This edition of Rapid 3D Printing News brings you 3D printing news about a new 3D printing technology that is 100 times faster, the funding raised by Essentium, the potential of 3D printing in online growth of Truck OEMs, and Dremel’s new 3D printer with a flexible build plate.
New 3D Printing Technology is 100 Times Faster than Standard 3D Printers
Researchers from the University of Michigan developed a new 3D printing technology, named as 3D Stereolithography, which prints at speeds 100 times faster than standard 3D printers. This new 3D printing technology could render a three-dimensional object in minutes instead of hours—at up to 100 times the current speeds.
The experimental approach uses a vat of resin similar to regular Stereolithography technology but uses a combination of Blue light and UV light to accelerate the printing process.

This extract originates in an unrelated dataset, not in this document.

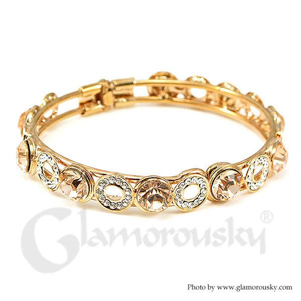 Elegant Bangle with Silver Austrian Element Crystal and Orange CZ

According to Timothy Scott, associate professor of chemical engineering at the University of Michigan, “The way to get a 3D-printed object out of this process is to send UV light through a glass-bottomed basin of resin. Then, at the same time, through that same glass window, send patterns of bright and dim blue light.”
He added, “We use the [UV] wavelength to prevent the resin from polymerizing against the projection window. But we can change the intensity of the inhibiting wavelength that in turn can thicken up…the region that doesn’t polymerize. We can go to hundreds of microns comfortably, approaching or even exceeding a millimetre, so that’s getting quite thick. We can do that across not only the entire region of our bath, but we can do it selectively. By, again, patterning the intensity that we’re projecting into the vat.”

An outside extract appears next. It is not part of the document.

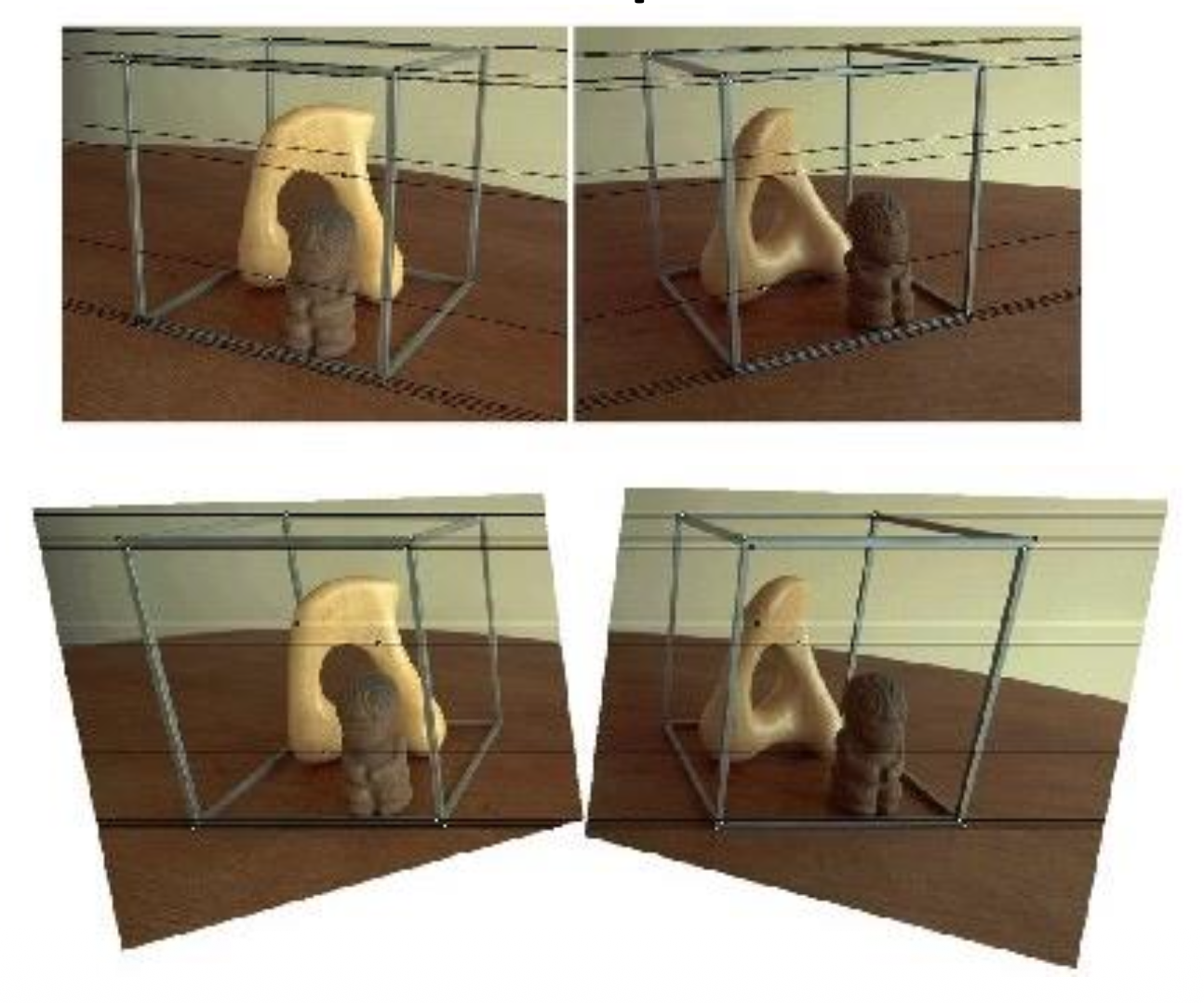 假如极线不是扫描线,那么需要将图像平面重新投影到一个与相机中心之间的线平行的公共平面上;这一操作需要两个单应性(3x3)变换,每个变换对应一个输入图像重投影操作。

The uniqueness of the entire research is the use of UV light inhibitor that not only prevents the hardened resin from sticking to the window but also can be used in combination with the blue light to sculpt 3D surfaces and contours of hardened resin in the bath.

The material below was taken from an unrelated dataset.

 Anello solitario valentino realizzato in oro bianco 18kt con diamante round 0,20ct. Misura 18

In a sense, Scott says, “The new stereolithography process is really one of the very first truly 3D printing processes, in that it prints not just a series of single 2D layers but rather entire 3D wedges of material in one pass. That is straight-up unique, the ability to pattern a volume. Patterning in 2D is easy, patterning in 3D is nontrivial.”
Timothy Scott and his group will now proceed towards patenting the new process.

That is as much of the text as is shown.